Il fotografo Elliott Erwitt, note di vita

Elliott Erwitt, il cui vero nome è Elio Romano Erwitz, nasce il 26 luglio del 1928 a Parigi da genitori ebrei di origine russa. Cresciuto in Italia per i primi dieci anni della sua vita, emigra negli Stati Uniti al seguito della sua famiglia nel 1939 per sfuggire alle persecuzioni del fascismo. Tra il 1942 e il 1944 studia fotografia al Los Angeles City College, mentre sul finire degli anni Quaranta frequenta la New School for Social Research per studiare cinema. All'inizio del decennio successivo serve l'esercito americano come assistente fotografo in Europa, in particolare in Francia e in Germania. Influenzato, nella propria attività, dall'incontro con celebri fotografi quali Robert Capa, Edward Steichen e Roy Stryker, Elliott Erwitt viene assunto da quest'ultimo - che è direttore del dipartimento di fotografia della Farm Security Administration - per un progetto fotografico che coinvolge la Standard Oil.

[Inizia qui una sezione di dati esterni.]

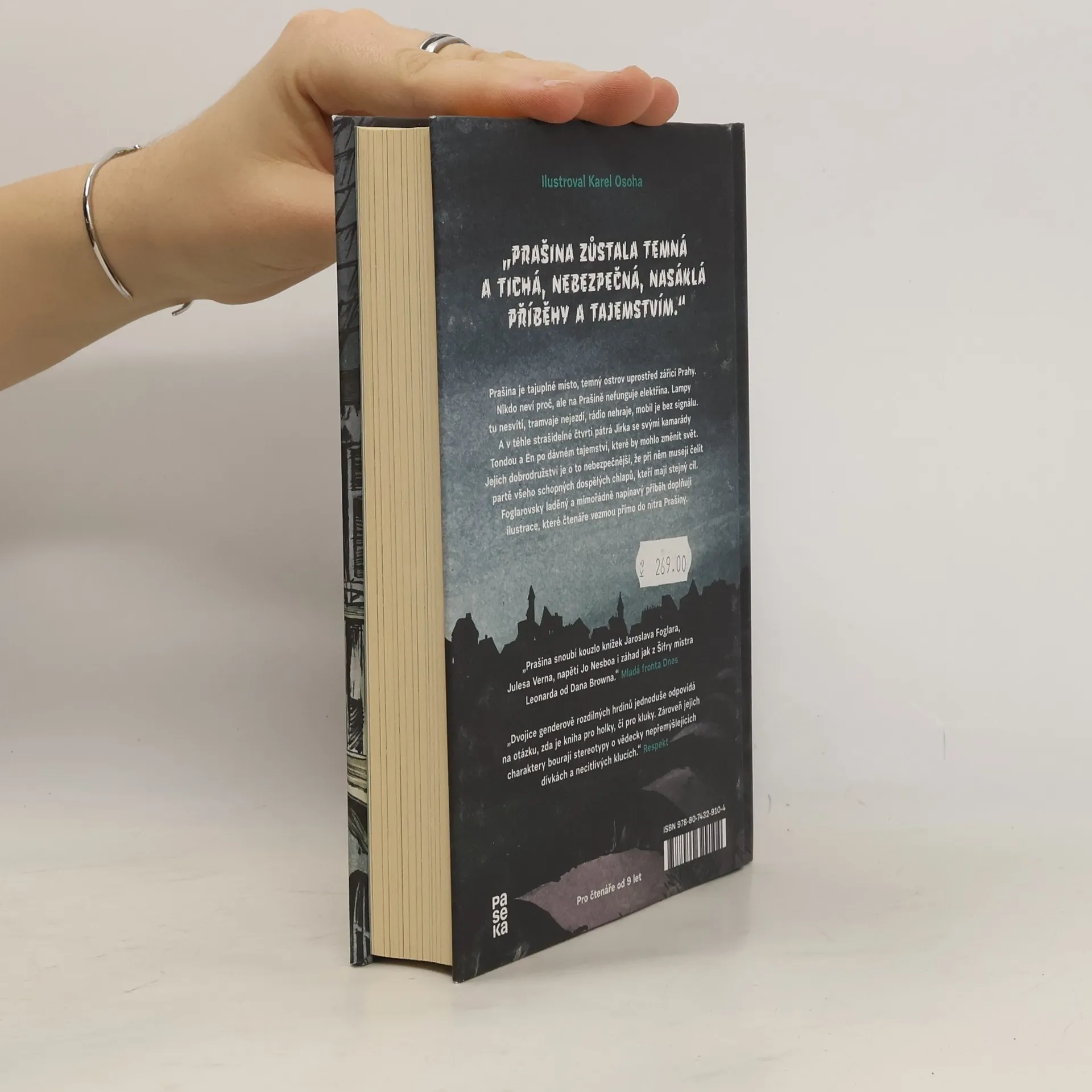 Prašina je tajuplné místo, temný ostrov uprostřed zářící Prahy. Nikdo neví proč, ale na Prašině nefunguje elektřina. Lampy tu nesvítí, tramvaje nejezdí, rádio nehraje, mobil je bez signálu. A v téhle strašidelné čtvrti pátrá Jirka se svými kamarády Tondou a En po dávném tajemství, které by mohlo změnit svět. Jejich dobrodružství je o to nebezpečnější, že při něm musejí čelit partě všeho schopných dospělých chlapů, kteří mají stejný cíl. Foglarovsky laděný a mimořádně napínavý příběh doplňují ilustrace, které čtenáře vezmou přímo do nitra Prašiny.

In seguito a questo impiego comincia a lavorare come fotografo freelance, collaborando per aziende come KLM o Air France e per riviste di vario genere, da "Collier's" a "Holiday", da "Life" a "Look". Nel 1953 entra in Magnum Photos, agenzia di prestigio che gli garantisce una notevole visibilità e che gli consente di dedicarsi a progetti fotografici in ogni angolo del mondo. Tra le fotografie celebri di questo periodo si ricordano "New York City" (un chihuahua di fianco al piede di una donna), del 1953, "California Kiss" (il bacio di un ragazzo e una ragazza immortalato dallo specchietto retrovisore di una macchina), del 1955, e "Nikita Kruscev and Richard Nixon" (potente e significativa immagine ai tempi della Guerra Fredda), del 1959. A partire dal 1970 Elliott Erwitt si dedica alla carriera cinematografica: nel 1970 è operatore addetto alla camera di "Gimme Shelter" e realizza "Arthur Penn: the Director", cui fanno seguito nel 1971 "Beauty Knows No Pain" e nel 1973 "Red, White and Bluegrass".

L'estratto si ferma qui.